Я отправился на Петроградскую сторону, где в обшарпанном арт-декошном доме начала двадцатого века жил один мой старый приятель. Считая себя художником, а может быть и действительно являясь им (кто в силах утверждать подобное?), он жил в мансарде гибнущего от времени и безучастия властей дома. Днем белым по кумачу писал лозунги, а по вечерам пил портвейн, иногда разбавляя его волшебным дымом марихуаны, и писал картины, которых никто никогда не видел. Считая их несовершенными, он прятал их от посторонних глаз, снискав этим славу милого чудака. Мы познакомились несколько лет назад на каком-то вернисаже или в какой-то пивной, что столь же неважно, сколь и не воспоминаемо, случайно зацепившись языками в обсуждении какой-то обоюдоинтересной темы.
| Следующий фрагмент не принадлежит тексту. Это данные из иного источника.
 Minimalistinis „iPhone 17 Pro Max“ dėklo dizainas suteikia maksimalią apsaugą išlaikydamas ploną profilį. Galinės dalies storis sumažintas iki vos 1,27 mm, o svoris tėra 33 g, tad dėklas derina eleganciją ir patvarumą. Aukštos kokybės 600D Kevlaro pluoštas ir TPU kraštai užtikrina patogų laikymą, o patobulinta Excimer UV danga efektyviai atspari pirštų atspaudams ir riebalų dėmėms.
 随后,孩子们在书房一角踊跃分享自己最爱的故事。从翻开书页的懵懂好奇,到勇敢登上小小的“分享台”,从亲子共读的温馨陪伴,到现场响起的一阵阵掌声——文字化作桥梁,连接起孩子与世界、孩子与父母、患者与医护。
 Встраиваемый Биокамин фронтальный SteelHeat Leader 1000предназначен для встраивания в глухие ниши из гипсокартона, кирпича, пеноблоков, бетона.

ПЕРВЫЙ ХУДОЖНИК: Творчество?.. Не знаю… Может быть – «труд души». Ну… Вот… Это, наверное, я сотворил…

ИНТЕРВЬЮЕР: С кем сотворили? Приставка «со» говорит о чьей-то причастности к вашему творчеству.
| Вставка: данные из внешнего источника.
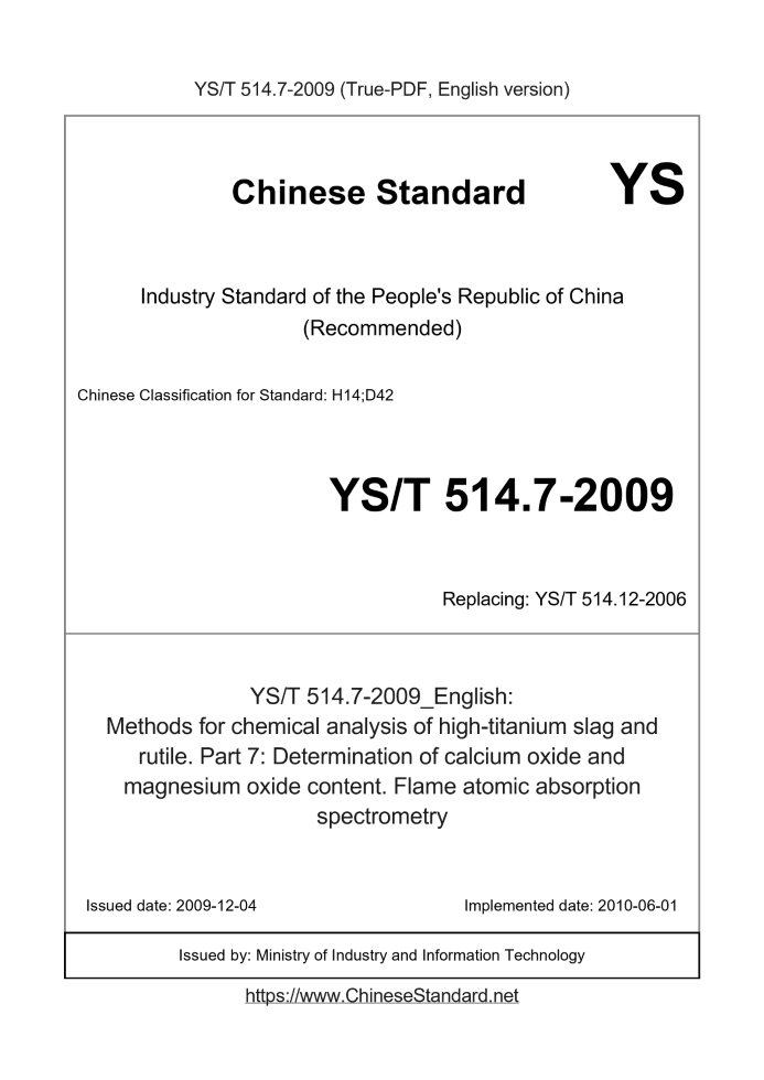 Delivery: <= 3 days. True-PDF full-copy in English will be manually translated and delivered via email. YS/T 514.7-2009: Methods for chemical analysis of high-titanium slag and rutile. Part 7: Determination of calcium oxide and magnesium oxide content. Flame atomic absorption spectrometry YS/T 514.7: Historical versions
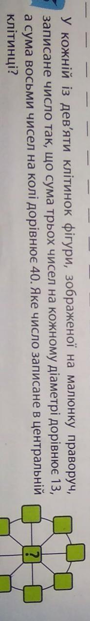 У кожній із дев'яти клітинок фігури, зображеної на малюнку праворуч, записане число так, що сума трьох чисел на кожному діаметрі дорівнює 13, a сума восьми чисел на колі дорівнює 40. Яке число записане в центральній клітинці?
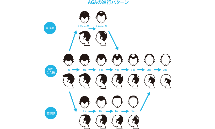 またAGAの診断基準として進行パターンや進行レベルが分類されています。頭頂部と前頭部の薄毛が徐々に同時進行していくパターンや前頭部や生え際から進行していくパターンなど様々です。日本人の場合「つむじハゲ」に当たる頭頂部の薄毛のみが進行するパターンが多く見られることから、日本人に多い進行パターン(Ⅱvertex)を加えた「高島分類」を用いることもあります。

ПЕРВЫЙ ХУДОЖНИК: С руками, с душой, с головой, с красками, с кистями, если хотите.

ВТОРОЙ ХУДОЖНИК: Что? Никогда не думал. Просто. Вот так. Просто без этого никак. А все остальное уже не имеет смысла.

ТРЕТИЙ ХУДОЖНИК: У меня все просто. Это мое место. Это моя жизнь, это моя работа. Любой творит. Главное – чтобы с душой.
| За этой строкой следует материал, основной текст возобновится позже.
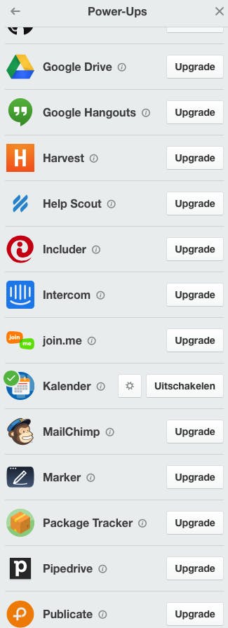 Een interessante optie van Trello zijn de zogenaamde Power-ups. Het gaat om uitbreidingen die de mogelijkheden van deze projectmanager stevig uitbreiden. Je vindt de Power-ups in de Menu-kolom.
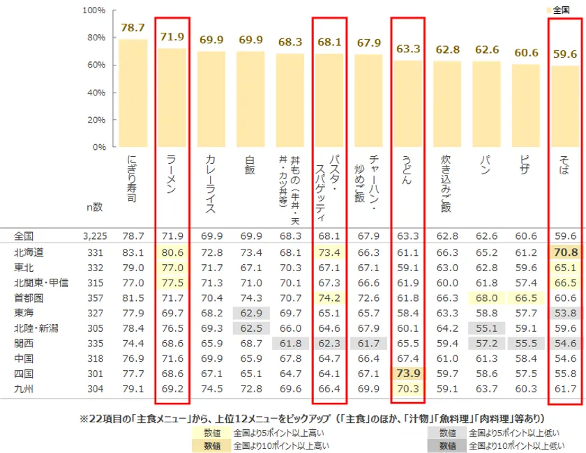 主食・汁物・肉料理・魚料理…といった食卓に登場する60種類以上のメニューの中で、地域差が目立ったメニューとして「麺類」が挙げられる。主食のメニューの全国平均として2番目に高い「ラーメン」は「北海道」「東北」「北関東・甲信」が8割前後と高く、全国平均が6割強の「うどん」は、「四国」「九州」において、7割を超えた。「パスタ・スパゲッティ」は「北海道」「首都圏」が高く、「そば」は唯一「北海道」のみ7割を超えた。
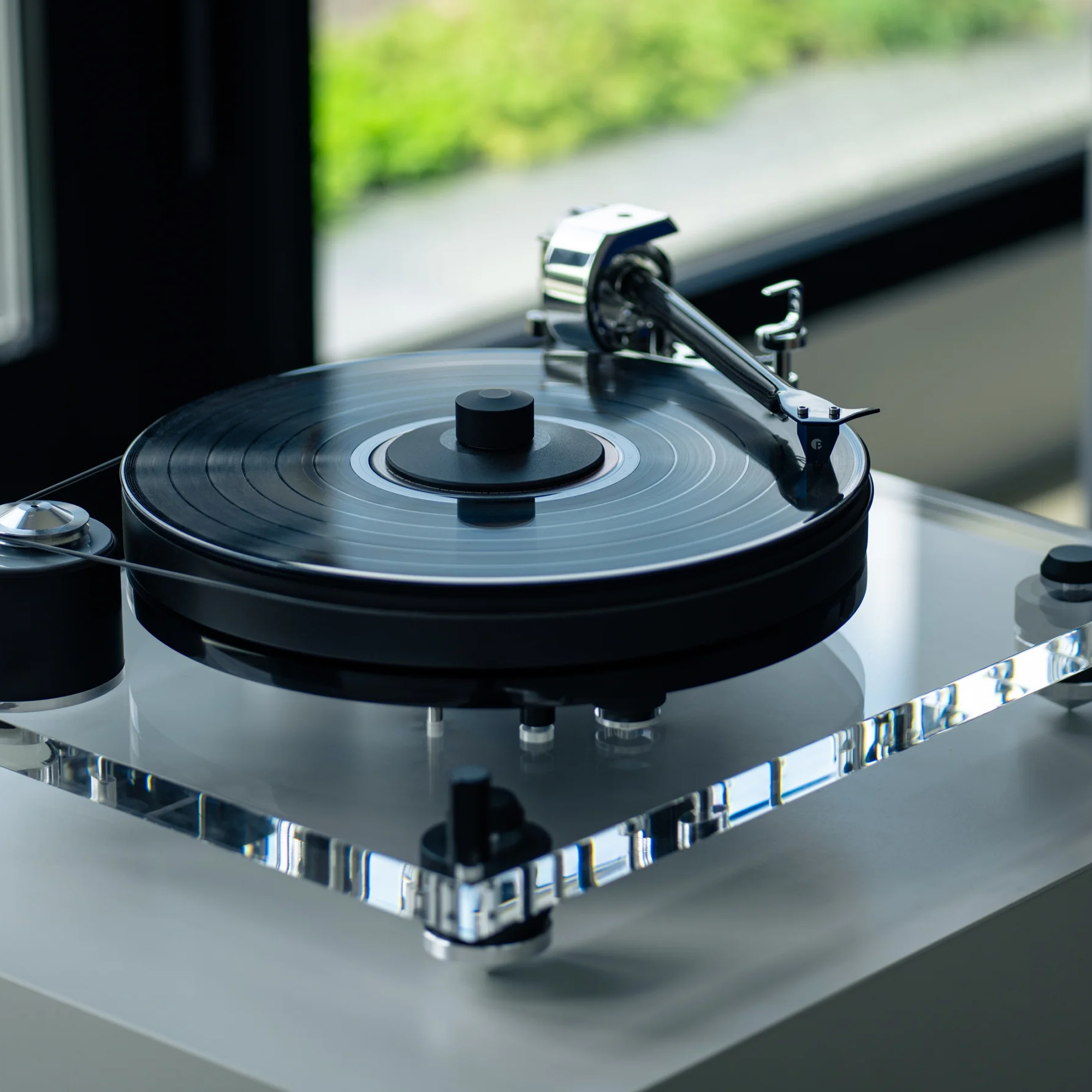 Массивный опорный диск изготавливается из MDF. На диск наносят демпфирующее покрытие из винила, которое устраняет нежелательные резонансы. Диск опирается на подшипник, а шарик подшипника изготавливается из керамики. В результате, проигрыватель работает плавно и бесшумно.
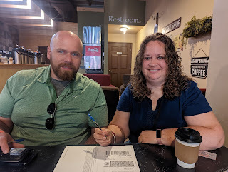 Yesterday I helped with camp, made some new little friends, we opened a bank account with the option period money we got out of the first contract on our house that didn't go through, I found a new place to get my hair cut, and I drove around town a little to get more comfortable and find the best routes to one of the cutest coffee shops I've ever been to.
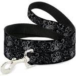 Dog Leash - Fleur-de-Lis Outline w/Filigree Black/Gray
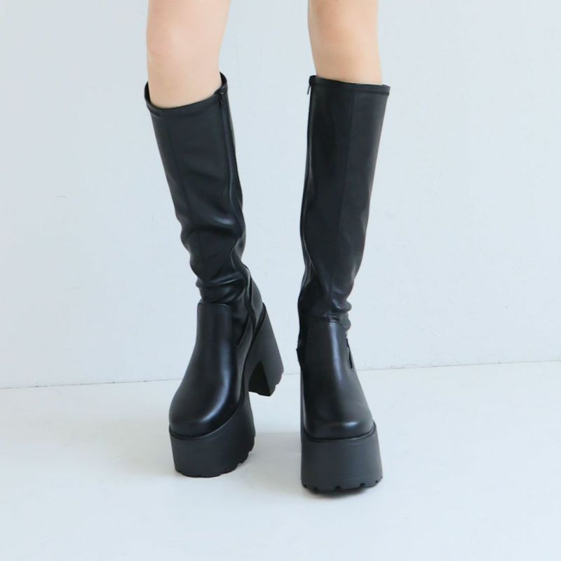 ・圧倒的な存在感を放つ11cmチャンキーヒールと、脚にフィットする美シルエットで足元も盛れるストレッチロングブーツ!
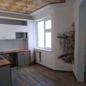 индивидуальному проекту, натяжные потолки, пол паркетная доска, ванная и туалет выложены кафелем, в квартире одна ванная комната и отдельно туалет. У жилого комплекса благоустроенные детские площадки, в шаговой доступности магазины, детский сад. По онлайну, Вы сможете наблюдать как во дворе в полной безопасности гуляют Ваши дети.
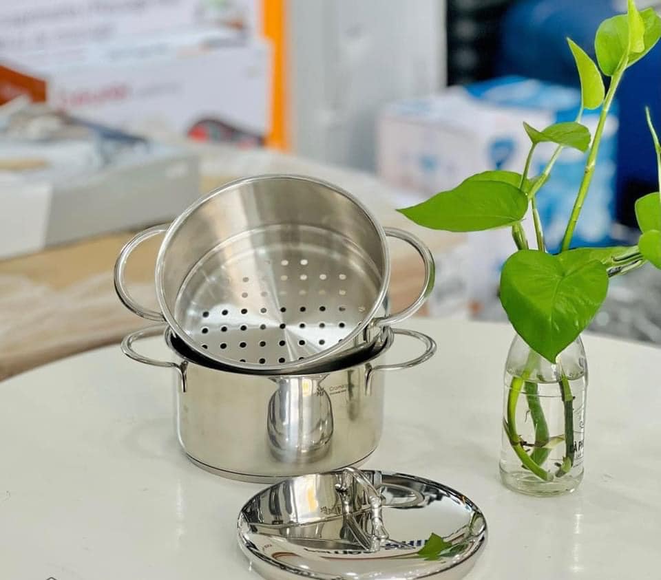Nồi hấp được làm từ chất liệu chất lượng cao, có vẻ ngoài bóng bẩy và sang trọng.

ИНТЕРВЬЮЕР: Так, стало быть, так-таки и с душой?

ТРЕТИЙ ХУДОЖНИК: Да, в принципе, и не обязательно. Можно и просто так. Многие это умеют.

ИНТЕРВЬЮЕР: По определению «демиург есть творческое начало, производящее материю, отягощенную злом». Не считаете ли вы себя случайно эдаким «демиургом»?

– Это не совсем материя.

– А вы?

– Да.

– Вы уверены, что сотворили нечто материальное?

– Мне порою так кажется. Но злом? Скорее всего отягощена. По крайней мере, хотелось бы в это верить. Верить в то, что моя работа послужит кому-нибудь толчком для обращения внутрь.

– А обращение внутрь возможно только под воздействием зла?

– Это случается чаще.

– А ради чего, простите, вы вообще работаете? Ради самого творчества? Ради стремления к славе, к известности, к ценимости вас как творца?

– Я не буду отвечать. Вопрос провокационный.

– Самосожжение.

– Простите, что вы сказали? Я, кажется, не расслышал.


Я шел по городу с бутылкой в руке и заглядывал в лица прохожих. Зачем? Лица в большинстве своем пусты и невыразительны. Им бы одно лицо на всех. Как на всех один флаг и один вождь. Да и одна жизнь, в сущности. Я был грустен. Но спокойно грустен. Без злобы. Начинался дождь. Время откровений. Бремя.

Зонт хлопнул. Раскрылся. Как парашют. Перепончатый черный купол. Крыло летучей мыши. Дождь стучит. Просится внутрь. Зонт не пускает. Скатывает по барабанно-натянутой коже. Люди под зонтами – пестрые грибы. Двигаются туда-сюда. Тасуются, как карты в колоде. Валеты, дамы, короли, тузы, шестерки. Туда-сюда. Ржавые коробки на колесах по лужам, не останавливаясь. Брызги в стороны. Карты-грибы отскакивают.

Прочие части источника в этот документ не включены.